O presidente Jair Bolsonaro voltou a manifestar, nesta terça-feira, a intenção de nomear seu filho Eduardo, que hoje cumpre mandato de deputado federal – com a maior votação da história do país para o cargo –, como o novo embaixador do Brasil nos Estados Unidos. O posto está vago há pouco mais de um mês: no início de junho, o chanceler Ernesto Araújo removeu Sérgio Amaral, que estava em Washington desde 2016, por indicação de Michel Temer.

Que Eduardo Bolsonaro está totalmente em sintonia com os atuais governos tanto do Brasil quanto dos Estados Unidos, algo que poderia abrir muitas portas, está mais que evidente. E, na qualidade de atual presidente da Comissão de Relações Exteriores da Câmara, colegiado do qual também fez parte na legislatura anterior como suplente, não se pode dizer que o tema das relações internacionais lhe seja completamente estranho. No entanto, as relações entre Brasil e Estados Unidos são muito mais complexas, exigindo de quem vier a ocupar o posto de embaixador em Washington uma série de qualidades excepcionais, condizentes com o cargo mais importante da diplomacia brasileira depois do chanceler.

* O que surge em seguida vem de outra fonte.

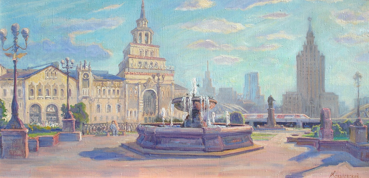 Удивила красота ансамбля архитектуры Казанского вокзала — здания, которое задумывалось как грандиозные ворота между Европой и Азией и стало архитектурным манифестом своей эпохи. В лучах закатного солнца свет играет розовато-оранжевыми оттенками, тени — яркими фиолетово-синими. Я постарался показать связь эпох и гармоничное сочетание разных архитектурных стилей.

Apesar de hoje Brasil e Estados Unidos serem aliados em questões estratégicas como a defesa da democracia na América Latina, há outros temas que têm colocado os dois países em rota de colisão já há muitos anos, como o comércio exterior. Quando os Estados Unidos quiseram ampliar a integração comercial no continente, o governo brasileiro torpedeou o que seria a Área de Livre Comércio das Américas (Alca); hoje, enquanto o Brasil busca uma maior inserção comercial, Donald Trump tem adotado posturas protecionistas, embarcando em uma guerra de tarifas contra outra superpotência moderna, a China. Em março de 2018, por exemplo, Trump impôs sobretaxas ao aço e alumínio de diversos países, incluindo o Brasil. Ainda que elas tenham sido posteriormente retiradas, ficou claro que, entre a defesa de interesses setoriais dentro de seu país e uma ampla abertura comercial, o norte-americano escolherá defender os compatriotas, seja na indústria, seja no agronegócio.

O currículo do atual deputado não exibe feitos que o credenciem à embaixada em Washington

É com interesses deste tipo que um embaixador brasileiro nos Estados Unidos terá de lidar. Mas as qualidades que Eduardo Bolsonaro invoca a seu favor estão aquém desta missão. Ter feito intercâmbio, fritado hambúrguer no Maine ou no Colorado, visto o “trato receptivo do norte-americano para com os brasileiros” não basta. Quem estiver em Washington precisa ser um exímio negociador, conhecedor da economia local, dos valores que norteiam a sociedade norte-americana e das tensões internas daquele país.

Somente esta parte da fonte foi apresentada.